Frontispiece for 'Venus and Tannhauser' 1895

Salome

The Masque of the Red Death. 1884-5

This of course leads on the the Glasgow school of art, the evidence of Beardsley's influence on artists such as Francis and Margaret MacDonald is fairly evident merely by looking - no real expertise is needed to pick up on the similar compositional grace and elegance, the sweeping lines, the exaggerated hair and features and elogated bodies and limbs - phatasmogorical. They attributed their influence to Austrian Artist Gustav Klimt, another favourite if mine who became prominent in the late 1800s; I  ave this print of his work over my bed and it never fails to delight me. 
Gustav Klimt 'Aqua Mossa' c. 1890

The influence of Klimt is clear but I don't think it is unreasonable that British Artist Beardsley is also influential. Because of his notoriety however, it may not have been sensible to acknowledge his influence on the work of young female artists.
MM 'Princess" 

MM 'Operas of the Wind' (one of several plates.)

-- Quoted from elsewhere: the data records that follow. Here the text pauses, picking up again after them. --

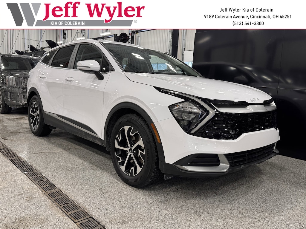 Jeff Wyler Kia of Colerain is excited to offer this wonderful-looking 2023 Kia Sportage EX in Glacial White Pearl. 4-Wheel Disc Brakes, 6 Speakers, ABS brakes, Air Conditioning, Alloy wheels, AM/FM radio: SiriusXM, Apple CarPlay & Android Auto, Auto High-beam Headlights, Automatic temperature control, Axle Ratio: 3.648, Brake assist, Bumpers: body-color, Carpeted Floor Mats, Compass, Delay-off headlights, Driver door bin, Driver vanity mirror, Dual front impact airbags, Dual front side impact airbags, Electronic Stability Control, Emergency communication system, Four wheel independent suspension, Front anti-roll bar, Front Bucket Seats, Front Center Armrest, Front dual zone A/C, Fully automatic headlights, Heated door mirrors, Heated Front Bucket Seats, Heated front seats, Illuminated entry, Leather Shift Knob, Leather steering wheel, Leatherette Seat Trim, Low tire pressure warning, Mud Guards, Navigation System, Occupant sensing airbag, Outside temperature display, Overhead airbag, Overhead console, Panic alarm, Passenger door bin, Passenger vanity mirror, Power door mirrors, Power driver seat, Power steering, Power windows, Radio: AM/FM/HD Audio System, Rain sensing wipers, Rear anti-roll bar, Rear seat center armrest, Rear window defroster, Rear window wiper, Remote keyless entry, Security system, Speed control, Speed-sensing steering, Split folding rear seat, Spoiler, Steering wheel mounted audio controls, Tachometer, Telescoping steering wheel, Tilt steering wheel, Traction control, Trip computer, Turn signal indicator mirrors, Variably intermittent wipers, and Wheels: 18" Machine Finish Alloy Our PRE-OWNED vehicles are put through a rigorous 167- POINT QUALITY ASSURANCE INSPECTION along with an average amount of over $1,400.00 SPENT to recondition each vehicle so we can be sure to deliver you the highest quality vehicle like you deserve! ***ONLINE PRICE DOES NOT INCLUDE WYLER FAMILY FIRST PACKAGE***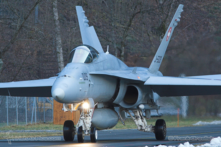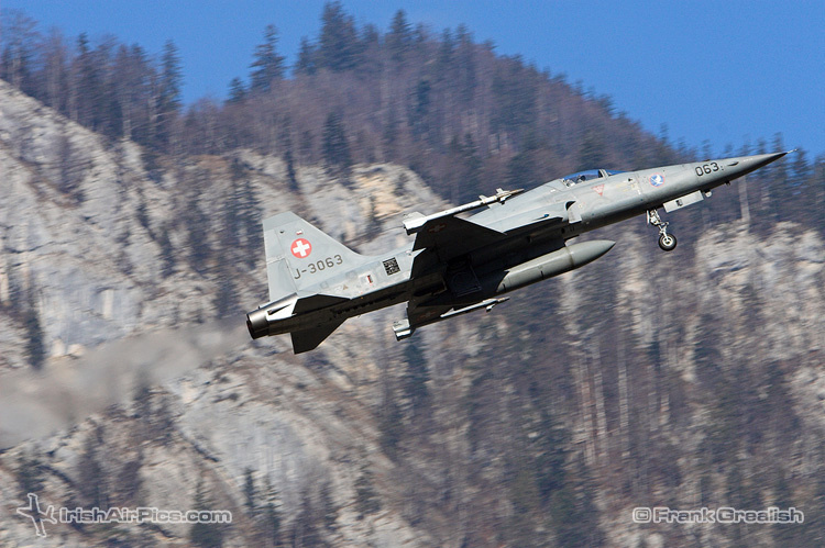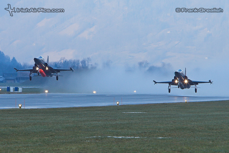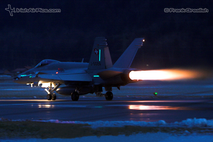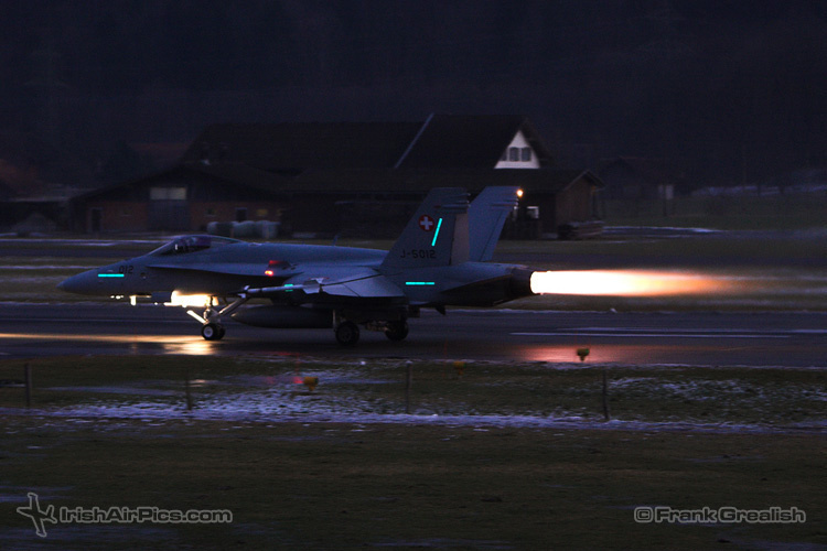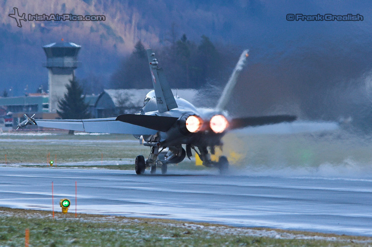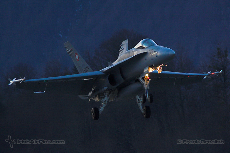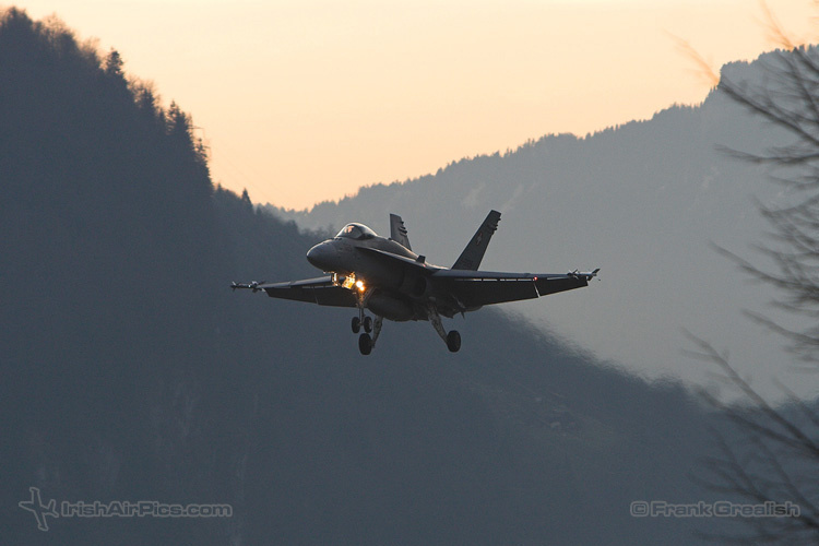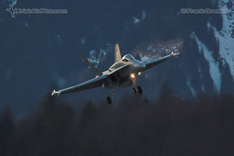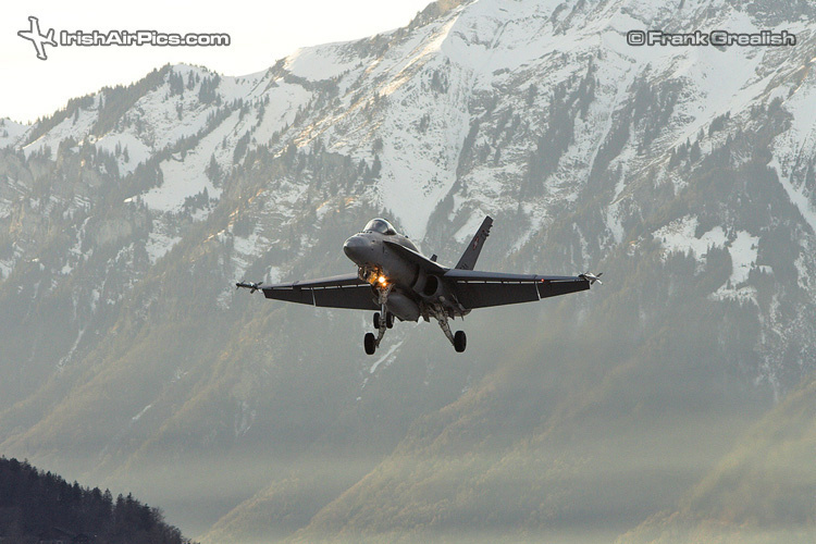 From January 14th February 1st 2008 Fliegerstaffel 11 flying with the McDonnell Douglas F-18 Hornet and Fliegerstaffel 8 flying the Northrop F-5 Tiger II held their annual Wiederholungskurs (refresher course) at Meiringen Air Base in Switzerland (Meiringen is approximately 45 minutes drive from Lucerne and 30 minutes drive from Interlaken).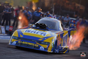 Pomona, Calif., and all eyes are on Don Schumacher Racing’s Funny Car duo. Leading the category is NAPA AUTO PARTS Dodge Charger SRT Hellcat driver Ron Capps who carries a 58-point advantage over his No. 2 ranked teammate, Direct Connection Dodge Charger SRT Hellcat pilot Matt Hagan.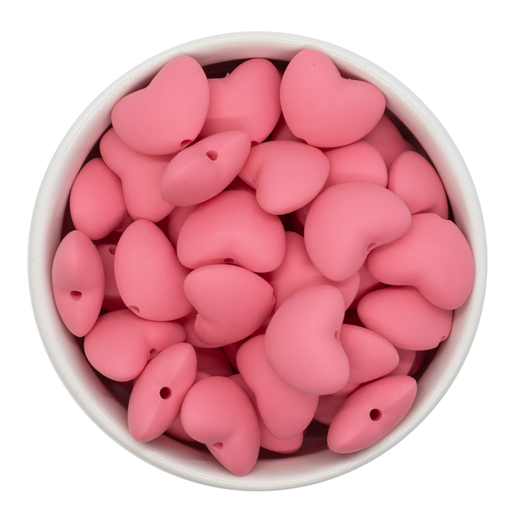 Coral Pink Silicone Heart Beads 20x16mm (Package of 5)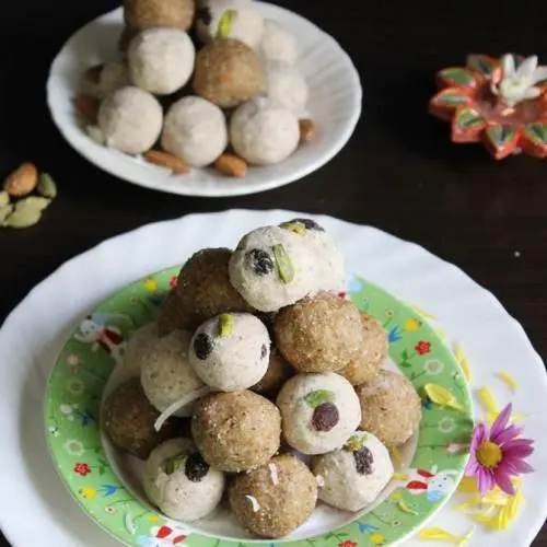 Ragi Ladoo are delicious wholesome festive treats made with ragi flour, nuts, jaggery and ghee.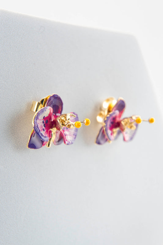 Orecchini Orchidea 'Purple e Geranio' dimensione 2 cm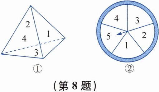 8. 随机抛掷图①中均匀的正四面体(正四面体的各面依次标有1,2,3,4四个数字),并且自由转动图②中的转盘(转盘被分成面积相等的五个扇形区域),则正四面体着地的数字与转盘指针所指区域内的数字之积为偶数或奇数的可能性哪个大?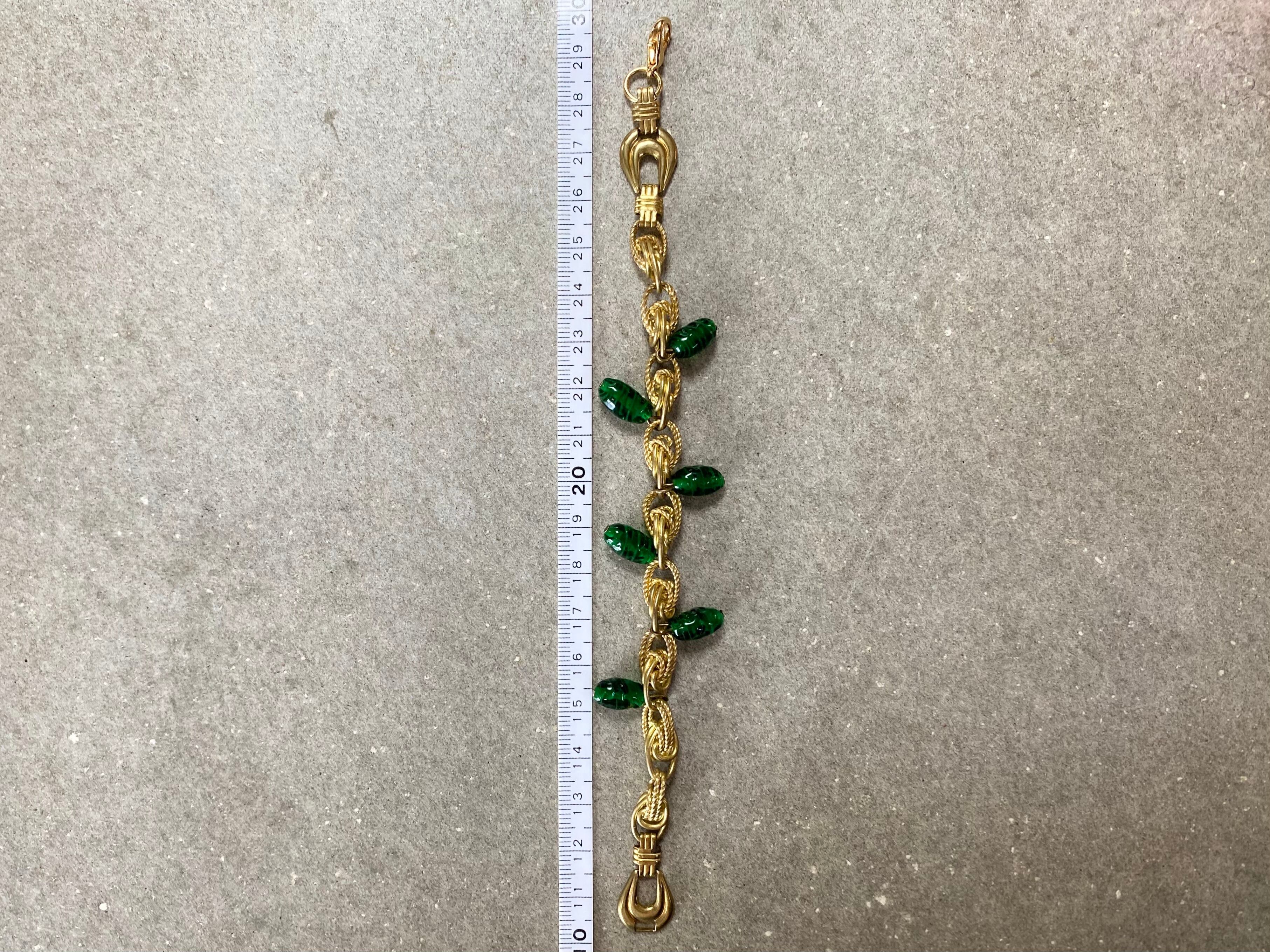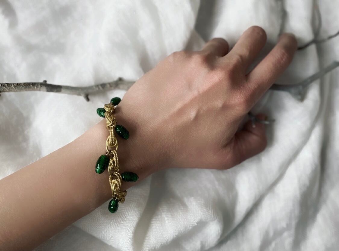 デザイン性の高い真鍮のチェーンに、美しく印象的なグリーンのジャパンヴィンテージガラスが添えられています。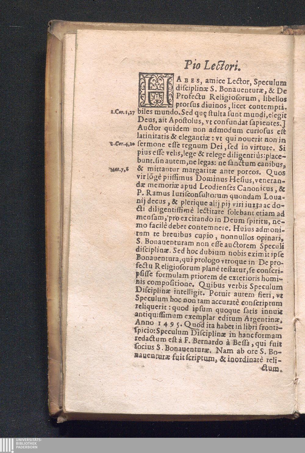 Sancti Bonaventvræ Episcopi Cardinalis Albanensis, Seraph. Doctoris Ecclesiæ, Speculum Disciplinæ, Et Profectus Religiosorum: Libelli ad pietatem vtilissimi / Operâ F. Henrici Sedvlii Cliuiensis, Instituti D. Francisci de Obseruantia Guardiani Antvverp. diligenter emendati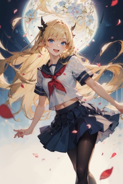 (best quality),((masterpiece)),(highres),illustration,original,extremely detailed,1girl,solo,pantyhose,long hair,solo,school uniform,blonde hairserafuku,skirt,black pantyhose,blue eyes,petals,hime cut,smile,open mouth,very long hair,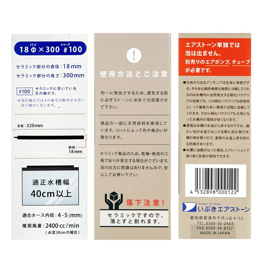 ご使用の目安:毎分1〜3リットル前後のエアポンプ、泡の細かさ:#100(標準サイズ)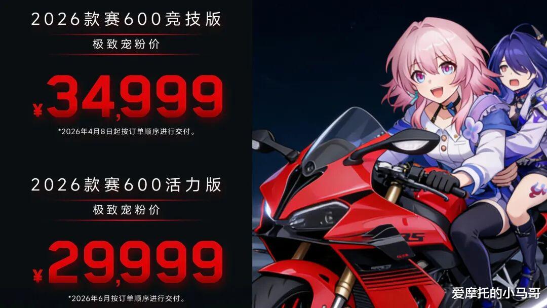 3月29日,2026款 赛600 正式发布,这次新车分两个版本,活力版极致宠粉价 29999元,2026年6月按订单顺序交付;竞技版极致宠粉价34999元,2026 年4月8日起按订单顺序交付。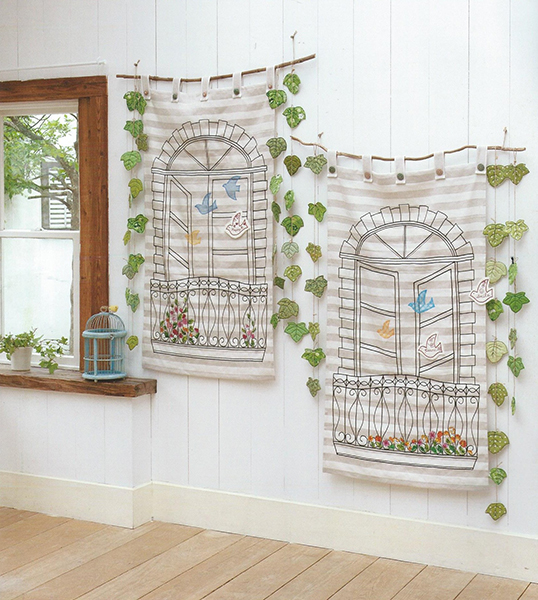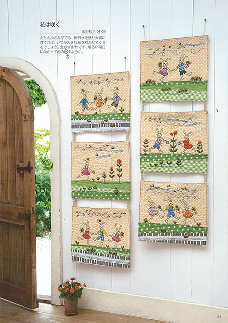 今回の個展も、近作を中心としたキルトに、楽しさあふれる小物を加えて、くつろぎと幸せを感じられる空間を目指しました。

MM 'The White Rose and The Red Rose' 

MM: 'Opera of the Seas'

FM 'Girl in a Tree' 

FM, 'Spring White' 1912-1915



FM
Tis a long path which wanders to desire
1912-1915

FM 1915 'Sleep'

I love the feel of the fantastic in the work of the MacDonald sisters. It carries you away in to a dreamscape.

Later in the century this fantasy is challenged by the hard masculine lines of futurism and my personal favourites the Vorticists. Wyndham Lewis, head honcho, dark, bold, strong and sometimes menacing - an antithesis of what has gone before but none the less appreciable in my eyes. 

Not sure about this one but you can just make out the steamer ship.

The Vorticists at the restaurant Tour De La Eiffel in London, Spring 1915. Notice how the women jessica Dissmor and Helen Sanders are out-with the group and looking on, the men taking centre stage.

Rebecca West c. 1931 by Wyndham Lewis.